Blue lights … that’s his first lucid thought after he opens his eyes.
He can’t have been unconscious for more than a few seconds, a tiny micropause in his head. But the world seems so strange, so unfamiliar. As if he weren’t quite awake yet.
Blue reflections are dancing around him. In the rearview mirror, bouncing off the concrete walls, the roof, the wet road surface, even off the shiny plastic details of the dashboard.
A car. He’s in the driver’s seat of a car, going through a long tunnel.
The pain catches up with him. He has a vague memory of it from before he blacked out. A brilliant, ice-blue welding arc cutting straight through the left-hand side of his skull and turning his thoughts into thick sludge.
He can even identify the way it smells.
Metal, plastic, electricity.
Something’s happening to his body, something serious, threatening his very existence, but weirdly he doesn’t feel particularly frightened. He tightens his grip on the steering wheel, feels the soft leather against the palms of his hands. A pleasant, reassuring sensation. For a moment he almost gives in to it and lets go, tracing those smooth molecules all the way back into unconsciousness.
Instead he squeezes the wheel as hard as he can and tries to get his aching head to explain what is happening to him.
‘David Sarac.’
‘Your name is David Sarac, and …’
And what?
The car is still driving through the tunnel, and one of the many incomprehensible instruments on the dashboard must be telling him that he’s going too fast, way too fast.
He tries to lift his foot from the accelerator pedal but his leg refuses to obey him. In fact he can’t actually feel his legs at all. The pain is growing increasingly intense, yet in an odd way simultaneously more remote. He realizes that his body is in the process of shutting down, abandoning any process that isn’t essential to life support until the meltdown in his head is under control.

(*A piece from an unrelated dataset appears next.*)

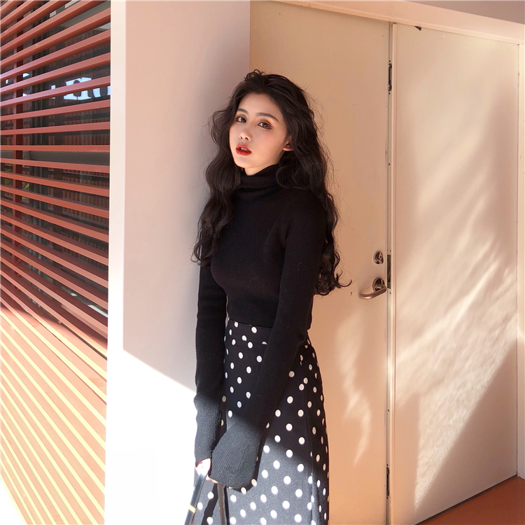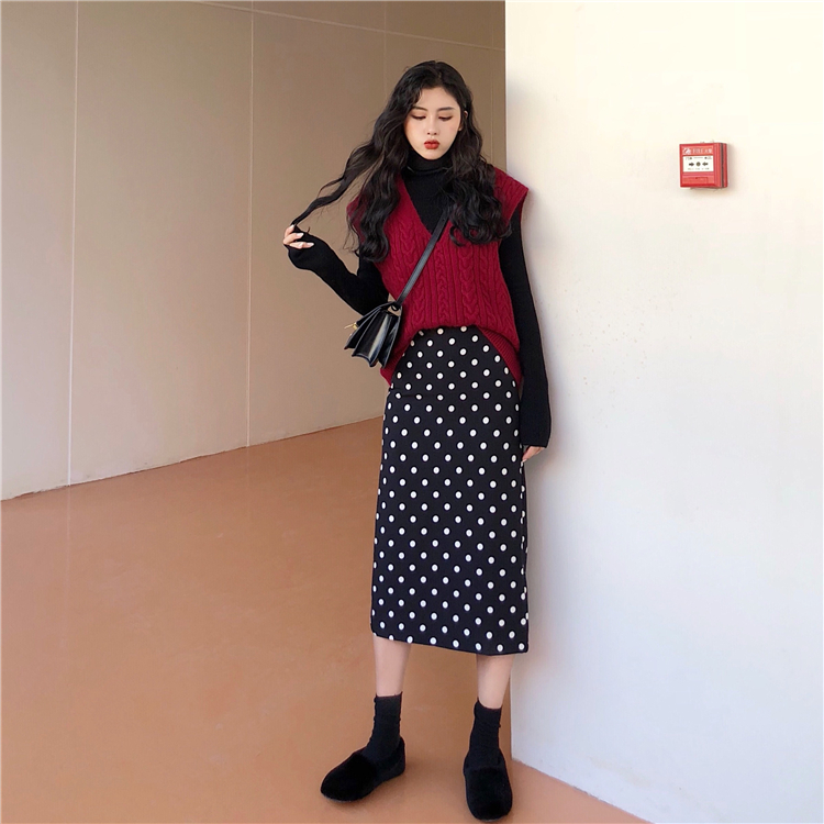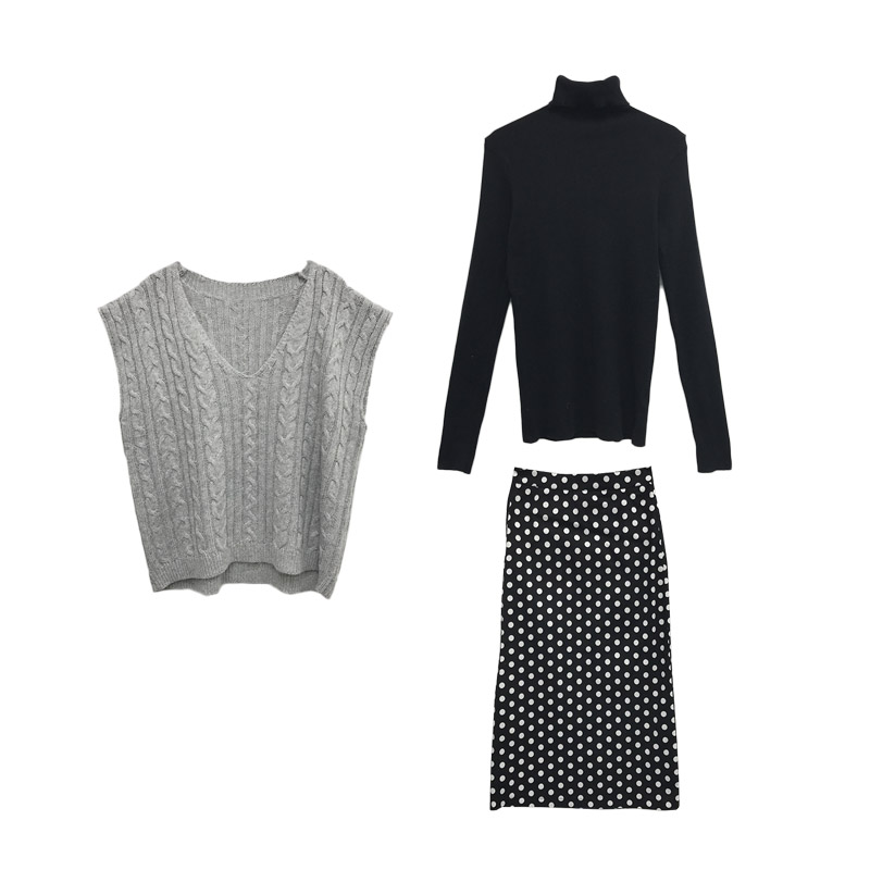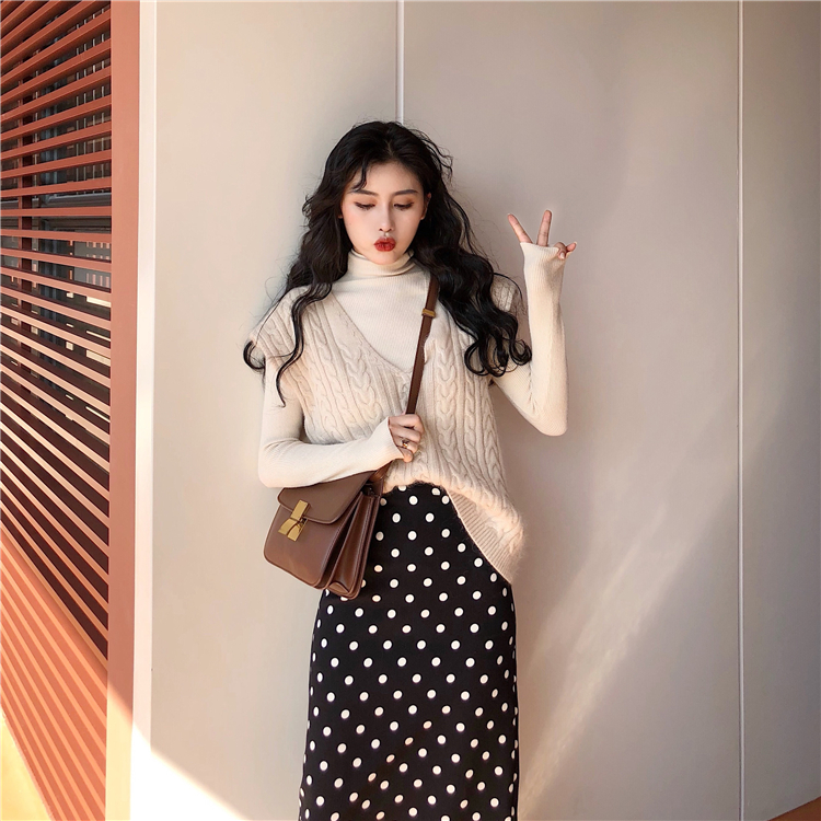 女神套裝秋季無袖毛衣馬甲+長袖打底衫T恤+高腰波點裙子三件套裝

‘Your name is David Sarac,’ he mutters to himself.
‘David Sarac.’
Various noises are crackling from the speakers: music, dialing tones, fractured, agitated voices talking over each other.
He looks in the rearview mirror. And for a moment he imagines he can see movement, a dark silhouette. Is there someone sitting in the backseat, someone who could help him?
He tries to open his mouth and sees the silhouette in the mirror do the same. He can see stubble, a tormented but familiar face. He realizes what that means. There’s no one else there, he’s all alone.
The light in the rearview mirror is blinding him, making his eyes water. The voices on the radio are still babbling, louder now – even more agitated.
The shutdown of his body is speeding up. It’s spreading from his legs and up toward his chest.
‘Police!’ one of the radio voices yells. The word forces its way in and soon fills the whole of his consciousness.
Police.
Police.
Police.
He looks away from the rearview mirror and laboriously turns his head a few centimetres. The effort makes him groan with pain.
‘Your name is David Sarac.’
And?
Some distance ahead he can see the rear lights of another car. Alongside them is a large warning sign, an obstruction of some sort, and an exit ramp. The rear lights are suddenly glowing bright red.
He ought to turn the wheel, follow the car ahead of him out of the tunnel. His every instinct tells him that would be the sensible thing to do. But the connection to his arms seems to be on the way to shutting down as well, because all he can manage is a brief, jerky movement.
The obstruction is getting closer, a large concrete barrier dividing the two tubes of the tunnel. The reflective signs are shimmering in the glare of the car’s headlights. He tries to look a few seconds into the future and work out whether he’s in danger of a collision. But his brain is no longer working the way it normally does.